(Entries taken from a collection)
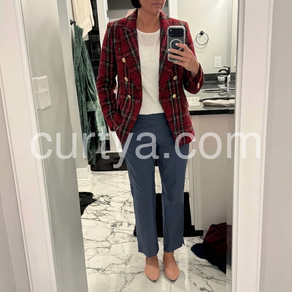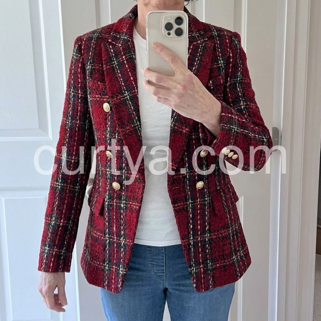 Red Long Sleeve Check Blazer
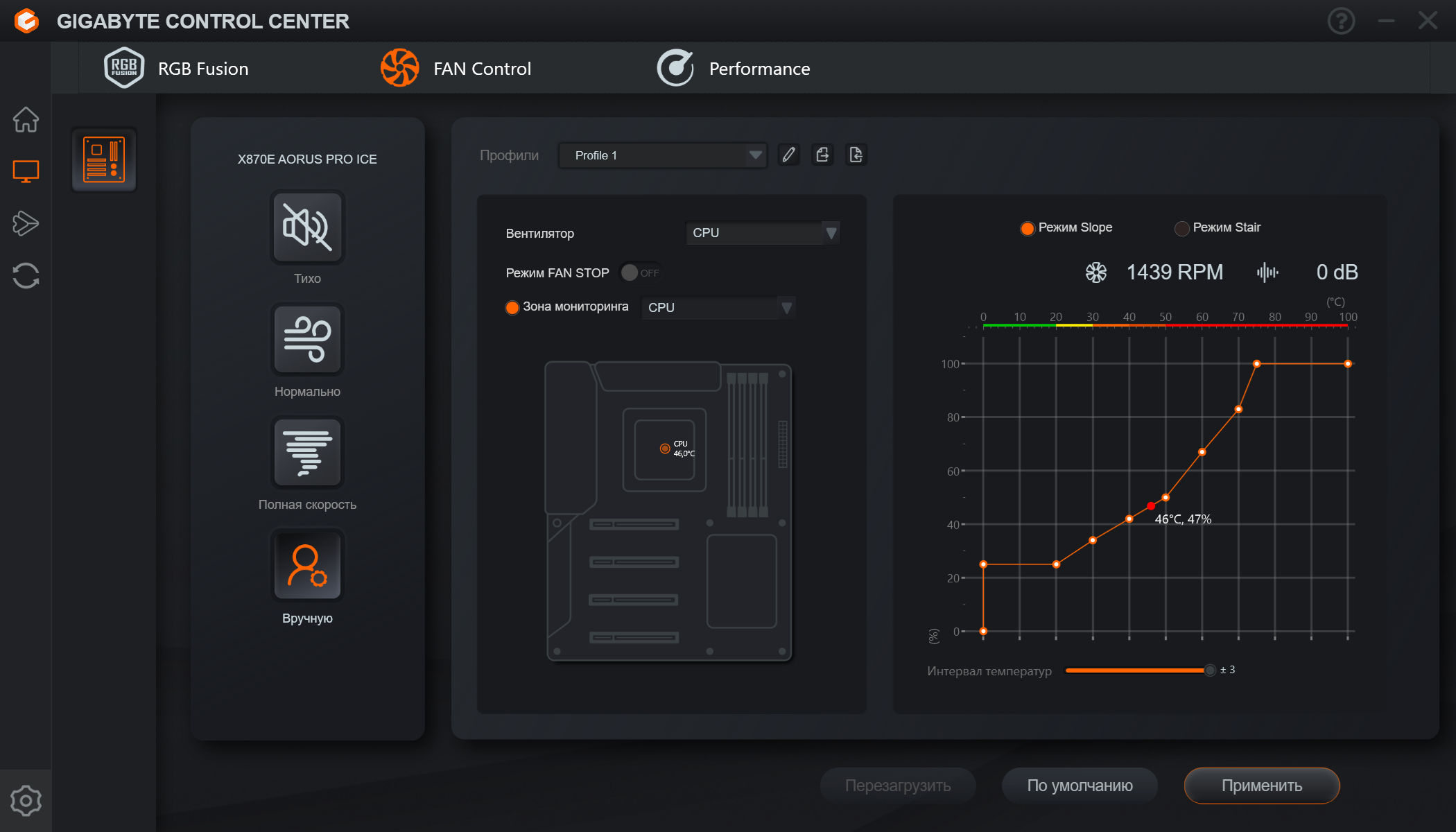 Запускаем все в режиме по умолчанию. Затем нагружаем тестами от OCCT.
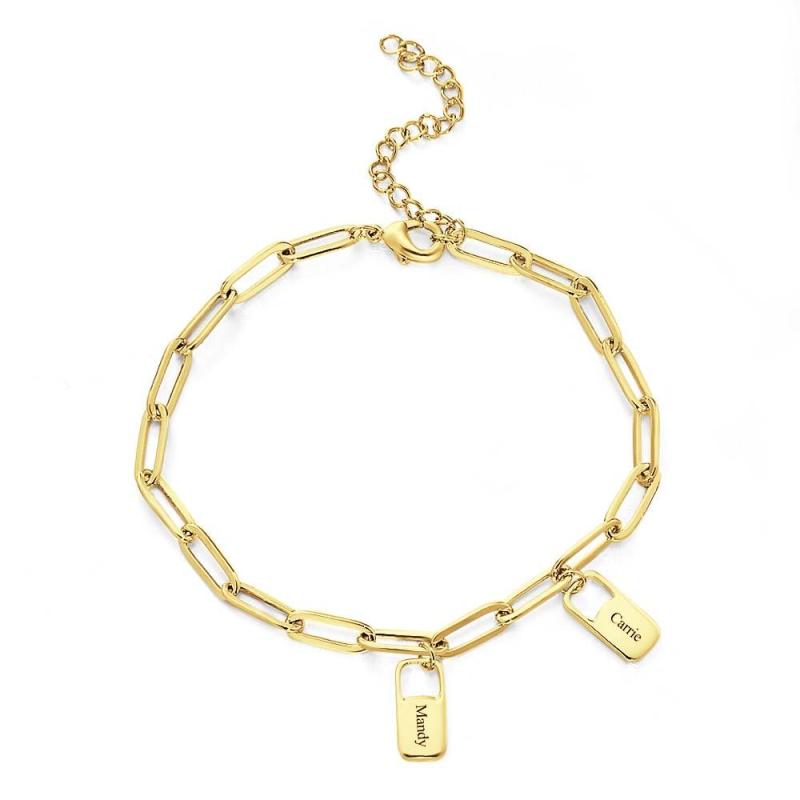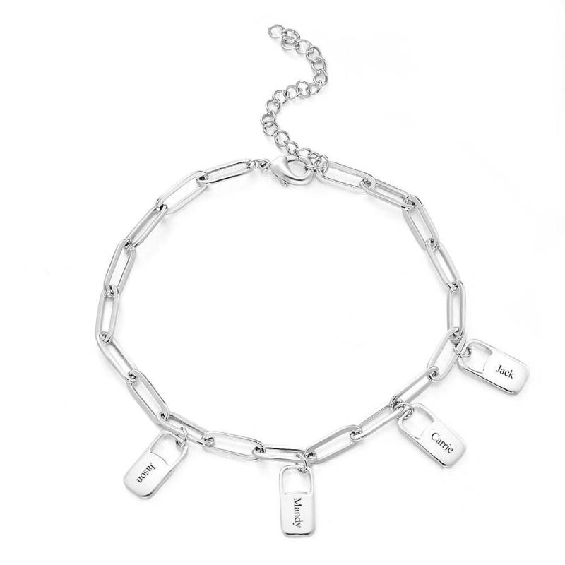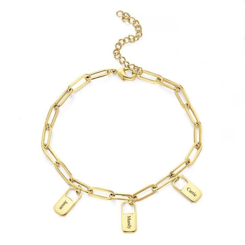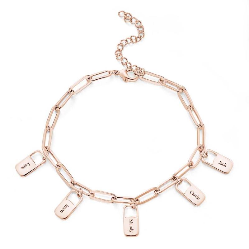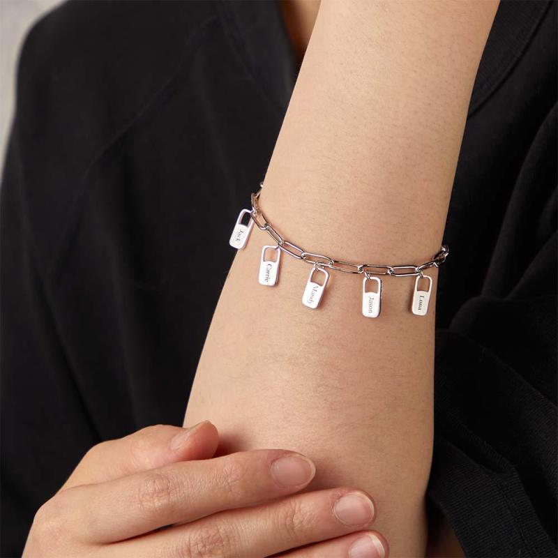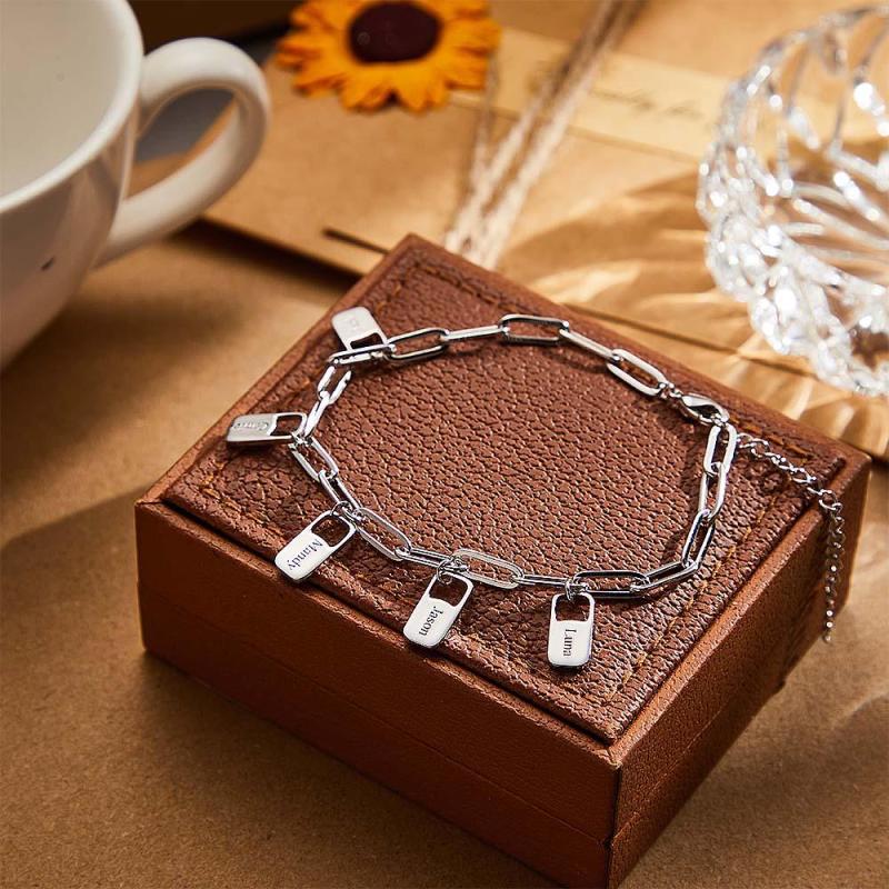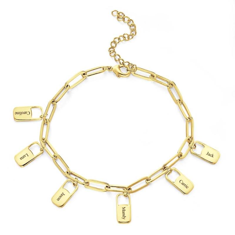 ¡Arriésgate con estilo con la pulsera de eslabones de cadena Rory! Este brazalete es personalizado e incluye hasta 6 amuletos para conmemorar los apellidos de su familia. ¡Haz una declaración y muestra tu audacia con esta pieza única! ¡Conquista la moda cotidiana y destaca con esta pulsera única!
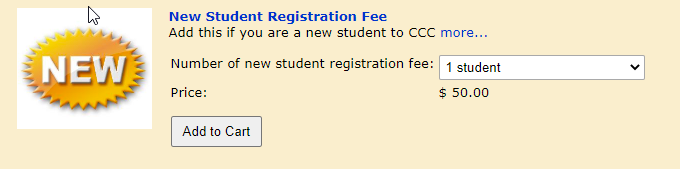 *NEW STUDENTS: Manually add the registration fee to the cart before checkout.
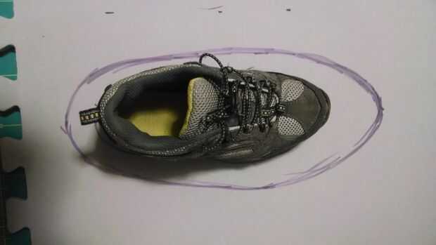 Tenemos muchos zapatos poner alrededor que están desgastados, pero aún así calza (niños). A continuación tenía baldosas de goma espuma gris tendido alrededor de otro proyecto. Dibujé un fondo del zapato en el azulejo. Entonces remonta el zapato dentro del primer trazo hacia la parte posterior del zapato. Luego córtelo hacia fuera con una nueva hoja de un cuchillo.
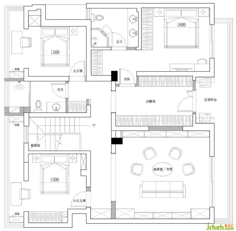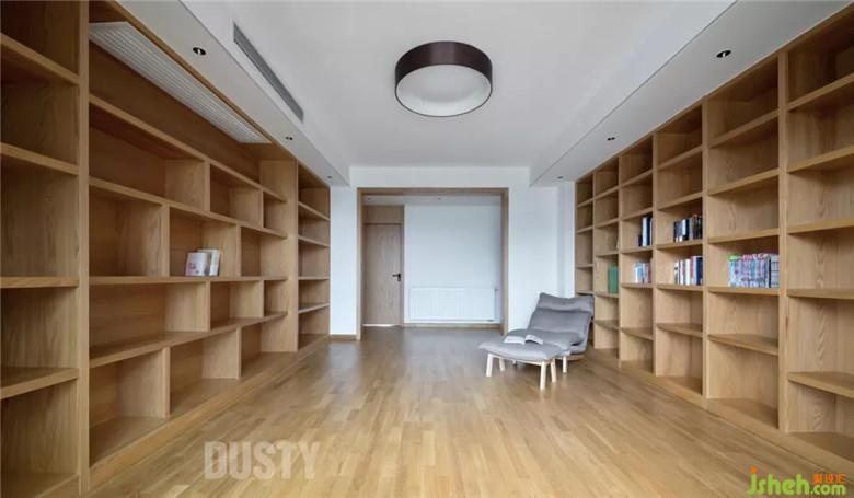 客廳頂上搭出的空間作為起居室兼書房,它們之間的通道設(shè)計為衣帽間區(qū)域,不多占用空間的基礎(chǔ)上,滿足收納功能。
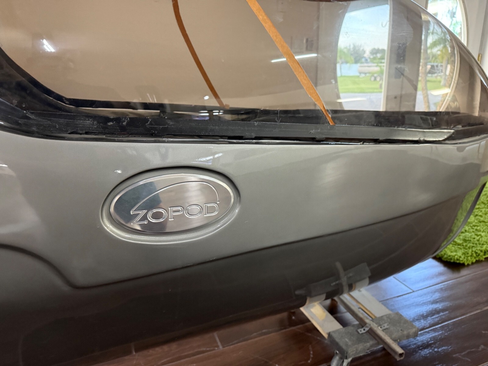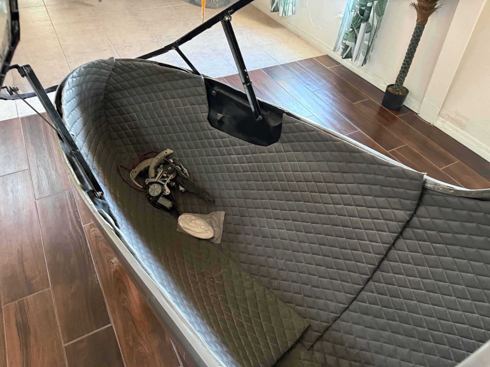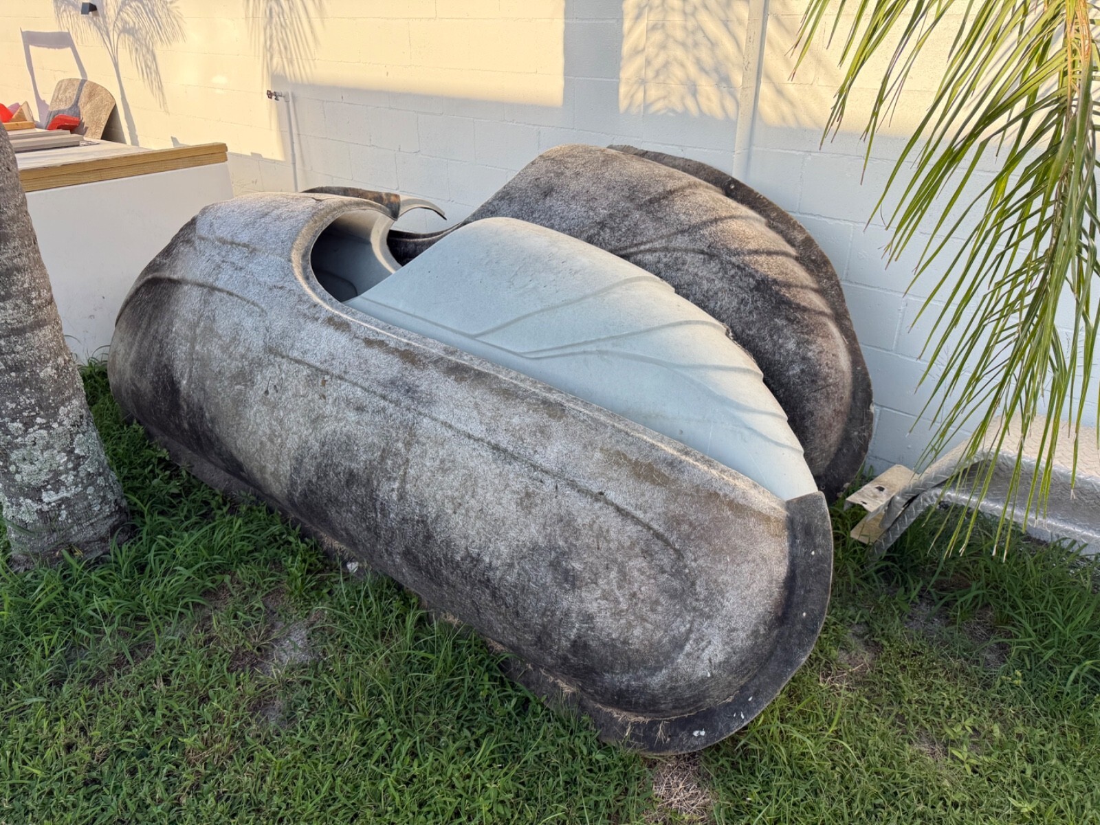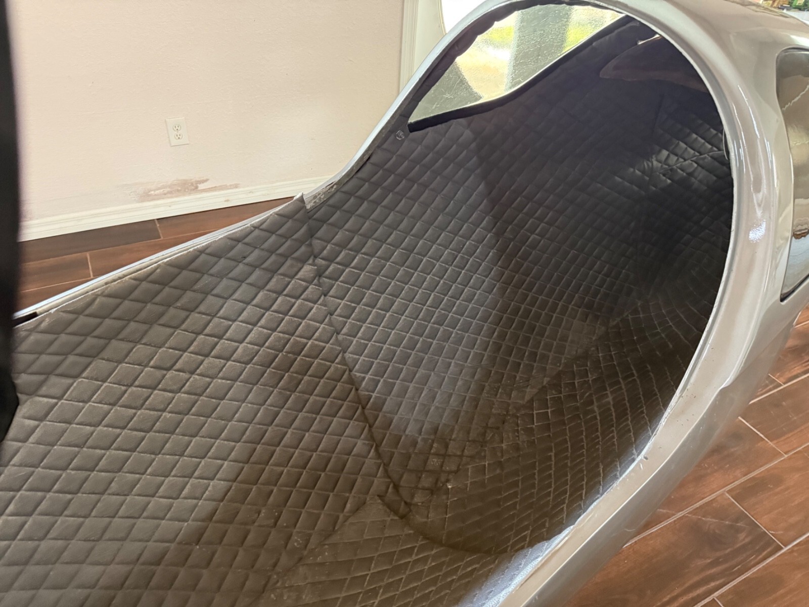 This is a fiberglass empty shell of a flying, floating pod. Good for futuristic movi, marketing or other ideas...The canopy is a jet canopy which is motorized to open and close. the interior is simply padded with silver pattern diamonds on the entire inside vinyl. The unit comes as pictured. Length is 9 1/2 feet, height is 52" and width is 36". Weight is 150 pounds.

What you have to do
Could you give all of the data again exactly as written, omitting any pictures?

Task answer
 Red Long Sleeve Check Blazer
 Запускаем все в режиме по умолчанию. Затем нагружаем тестами от OCCT.
 ¡Arriésgate con estilo con la pulsera de eslabones de cadena Rory! Este brazalete es personalizado e incluye hasta 6 amuletos para conmemorar los apellidos de su familia. ¡Haz una declaración y muestra tu audacia con esta pieza única! ¡Conquista la moda cotidiana y destaca con esta pulsera única!
 *NEW STUDENTS: Manually add the registration fee to the cart before checkout.
 Tenemos muchos zapatos poner alrededor que están desgastados, pero aún así calza (niños). A continuación tenía baldosas de goma espuma gris tendido alrededor de otro proyecto. Dibujé un fondo del zapato en el azulejo. Entonces remonta el zapato dentro del primer trazo hacia la parte posterior del zapato. Luego córtelo hacia fuera con una nueva hoja de un cuchillo.
 客廳頂上搭出的空間作為起居室兼書房,它們之間的通道設(shè)計為衣帽間區(qū)域,不多占用空間的基礎(chǔ)上,滿足收納功能。
 This is a fiberglass empty shell of a flying, floating pod. Good for futuristic movi, marketing or other ideas...The canopy is a jet canopy which is motorized to open and close. the interior is simply padded with silver pattern diamonds on the entire inside vinyl. The unit comes as pictured. Length is 9 1/2 feet, height is 52" and width is 36". Weight is 150 pounds.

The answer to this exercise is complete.